Надежда, Вера, Любовь

Ольга Кульневская
Надежда заболела.
Несколько дней назад она сковырнула на подбородке прыщик, и вместо того, чтобы сгладиться, кожа покраснела и вздулась; непрерывно застучали под ней, полыхающей, раскаленные молоточки. Утром в субботу забились они и в висках – уже большие и тяжелые; казалось, изо рта выдыхается горячий воздух, белкам глаз было жарко и сухо даже под веками.
На работе, когда Надежда с трудом взялась за швабру, чтобы начать уборку торгового зала, к ней подошла заведующая.
– Что это ты такая сегодня? – сурово спросила она.
– Заболела я, наверное, Валентина Ивановна, – превозмогая боль в висках и дурноту, еле выдавила из себя Надежда, внутренне сжавшись.
Взгляд заведующей стал напряженным, выщипанная бровь недовольно поднялась. Но, видать, на лице Надежды отражалось такое неподдельное страдание, а красный тугой подбородок так угрожающе увеличился в размерах, что Валентина Ивановна сжалилась:
– Иди к врачу. Поликлиника не работает, так что отправляйся прямо в приемное отделение больницы.
Надежда плохо помнила, как дошла до парка, за которым находился большой, в виде креста, корпус центральной районной больницы.
В приемном покое к ней сразу же вызвали доктора. Тот хмуро оглядел ее поношенное пальто, стоптанные сапоги, пряди волос с сединой, в беспорядке выбившиеся из-под старой вязаной шапки, когда-то ярко-синей, а сейчас – голубовато-белесой...
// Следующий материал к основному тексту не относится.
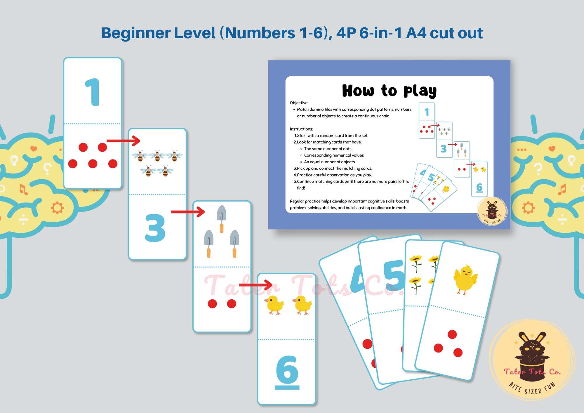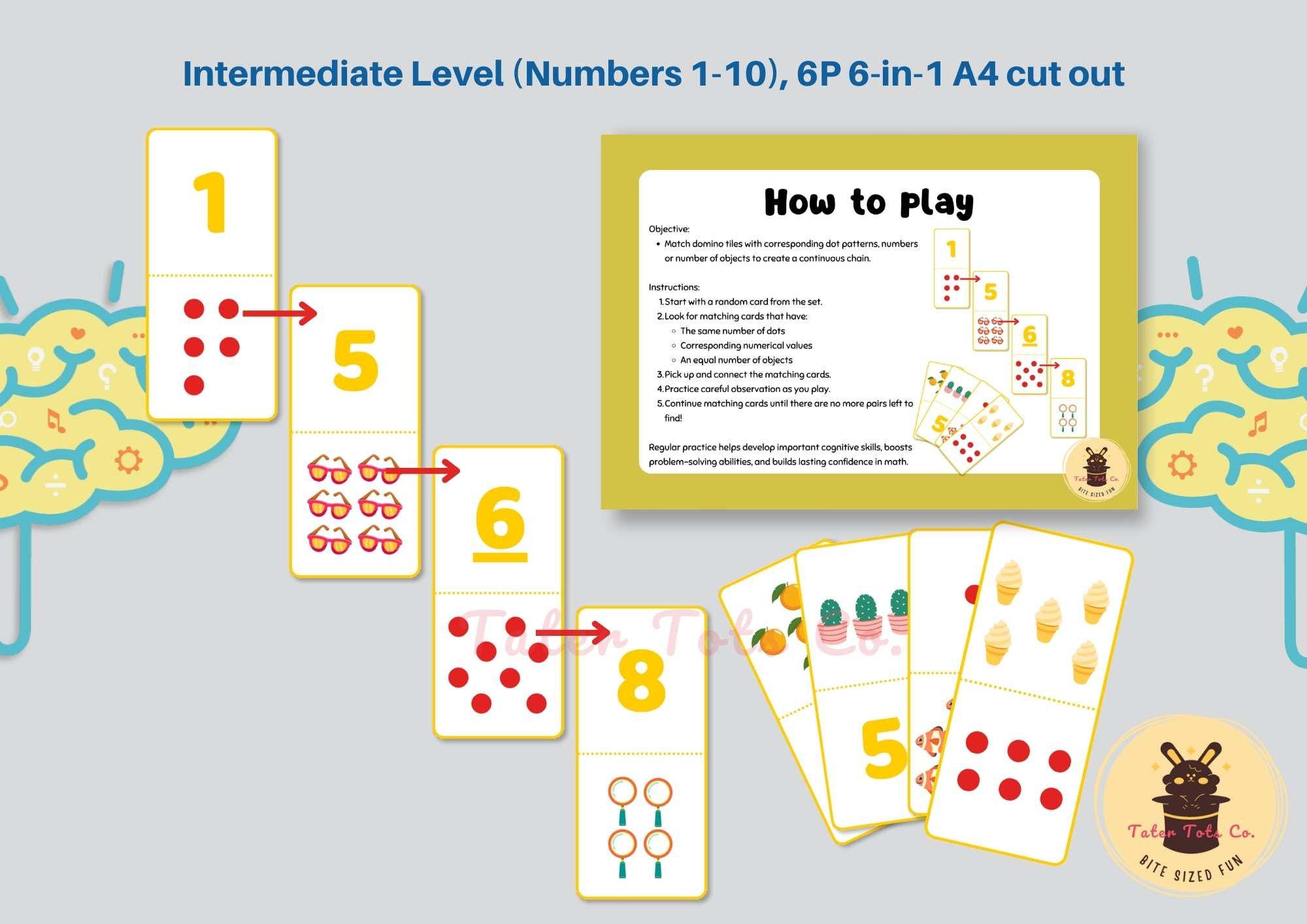 Discover the fun and educational benefits of our Number Domino Math Card Game. This engaging game is designed for young learners to enhance their early math skills through interactive play. Children can practice number recognition, one-to-one correspondence, and basic arithmetic operations with this stack of domino cards featuring numbers and dot patterns.
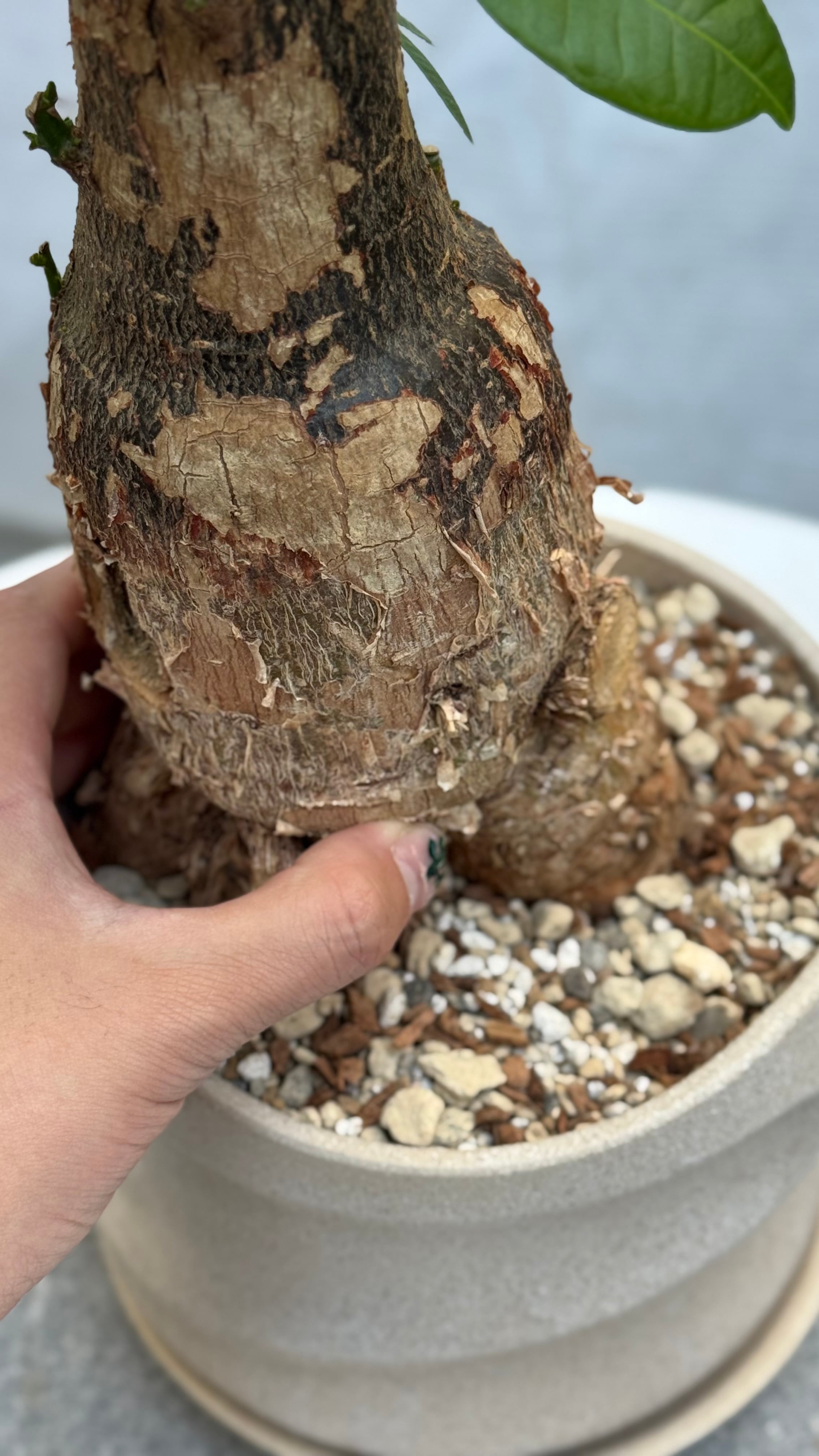 唯一無二の樹形。お腹に窓や芽吹きがある個体です。
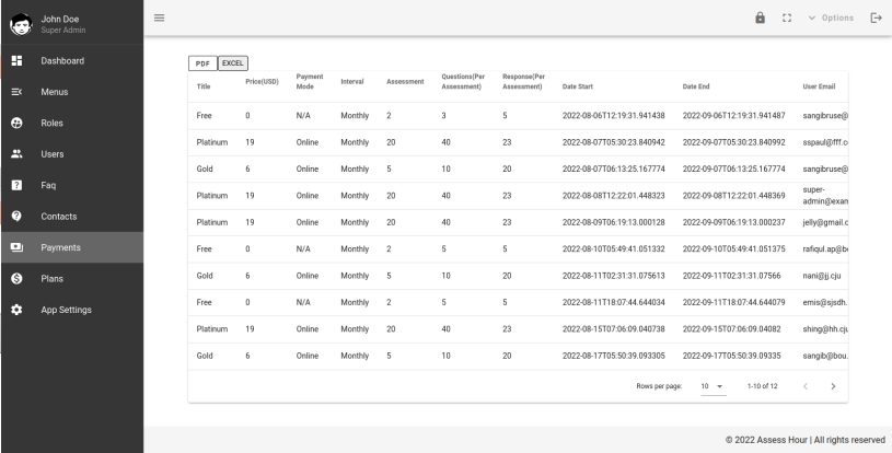 Here you can see all payments data of your paid assessments. Also you need to set your Stripe  secret key to accept payments for paid assessment by clicking Payment Settings button on top right corner.
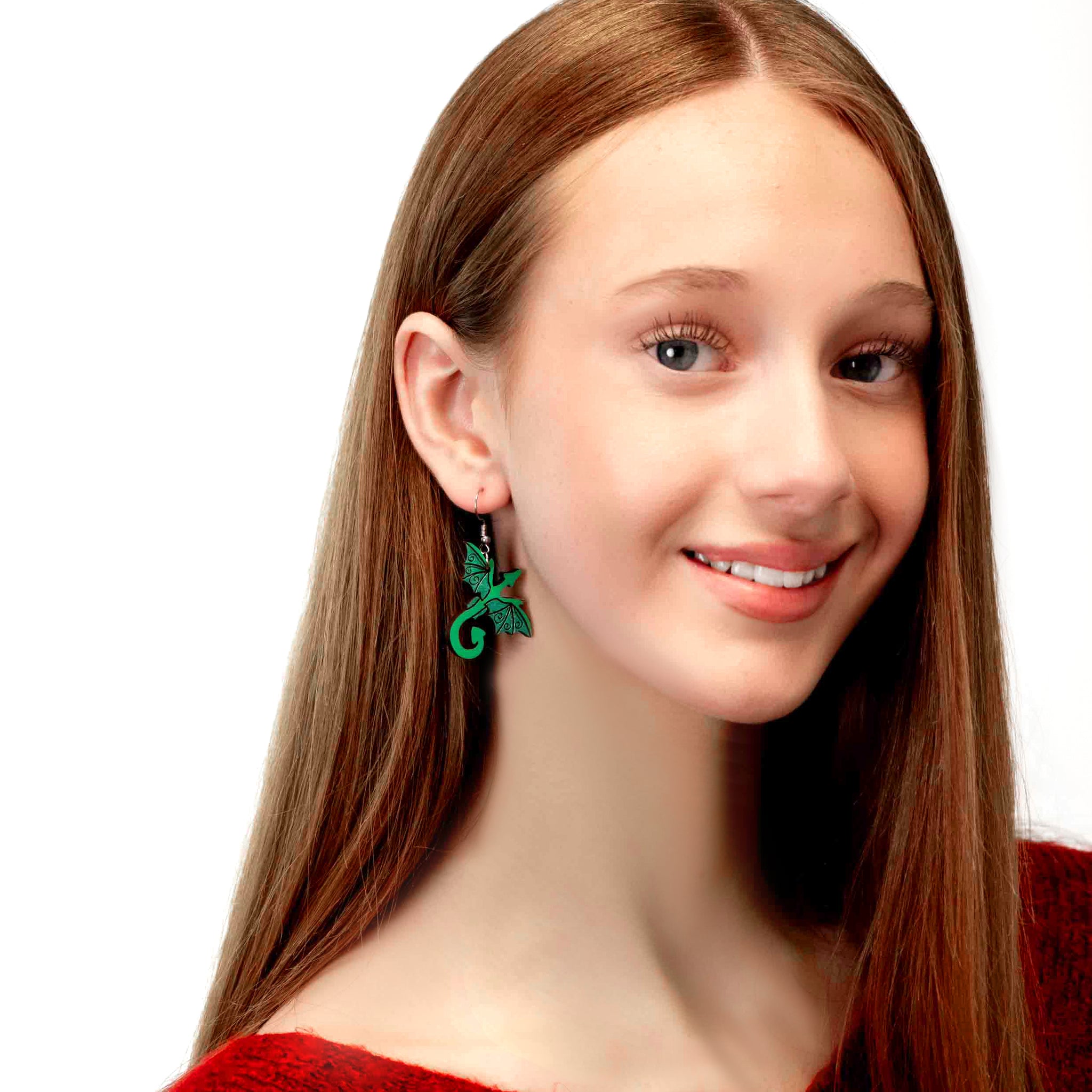 Hand-painted Wooden Green Flying Dragon Hook Earrings - PEO14262D

Пятидесятилетняя пациентка выглядела на шестьдесят. Морщины избороздили ее неухоженное, не знавшее лосьонов и кремов лицо; много лет оно подвергалось натиску обжигающего зимнего ветра, иссушающего кожу безжалостного солнца, колючего снега и экологически неблагополучных дождей: потому что Надежда долгое время работала почтальоном сразу на двух сельских участках. Без мужа, ушедшего от нее лет двадцать назад к другой, более красивой, и при двух детях она жила единственной постоянной мыслью: где взять деньги, чтобы прокормить своих быстро растущих и прожорливых оглоедов. Бегала от деревни к деревне по проселочным дорогам, а то и напрямик, по полям, с набитой газетами тяжеленной сумкой через плечо, таская попутно еще одну – с мылом, шампунями, дешевыми соевыми шоколадками, носками и прочим добром, которое деревенские бабушки нет-нет да и покупали, а с выручки Надежде шло несколько рублей к мизерной зарплате. Пальцы и ладони ее давным-давно стали черными от типографской краски, газетная эта грязь не отмывалась с загрубевшей кожи даже в бане.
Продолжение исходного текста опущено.